Ci provo! Un’avventura cominciata dodici anni fa a Reda. Avevo solo 8 anni quando, forse un po’ per gioco,  feci il mio primo palleggio, tra tante speranze e la certezza, unica, che lo sport può e deve aiutarti a crescere bene.

Allora, la serie A, la nazionale, gli scudetti non erano altro che quelle parolone magiche racchiuse nella nuvoletta dei sogni più belli, anche per mamma e papà che mi hanno seguito con occhio molto attento fin dalla prima partita.

A 12 anni sono andata a Forlì e il mio allenatore Max Bacchi mi ha insegnato a schiacciare, quel gesto, nuovo per me, l’ho sentito subito mio e l’ho accompagnato da un sorriso grande così.
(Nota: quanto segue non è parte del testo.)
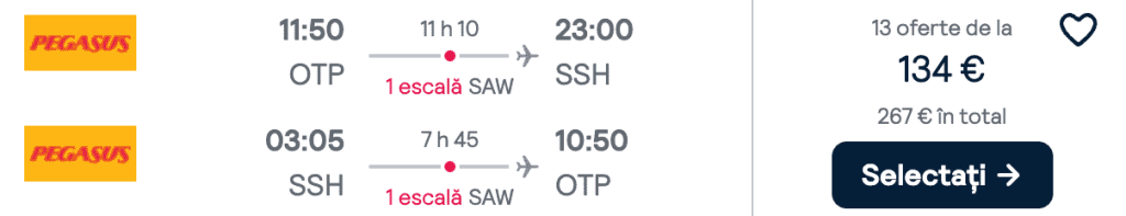 ZBOR: București -> Sharm El Sheikh, Preț dus-întors 134€/pers, 3-10 Dec 2025

Quel giorno ho capito che non potevo, ma soprattutto non volevo fare a meno della pallavolo. Decido allora, dopo aver strappato il si da mamma e papà, di andare a giocare a Ravenna, in prima divisione. Entro in punta di piedi in una realtà nuova, cercando di percepire umori, ansie, e speranze delle mie nuove compagne di avventura, rubando loro qualche segreto, traducendolo poi con “morbida” attenzione in campo. Bel lavoro, sono contenta ma non mi basta. Quei ritagli di tempo rubati alla mia spensieratezza li dedico alla pallavolo, mi alleno più delle altre, da grande voglio fare la giocatrice!
Dopo due anni torno a casa sognando un po’ di vacanze e con un interrogativo grande grande e difficile.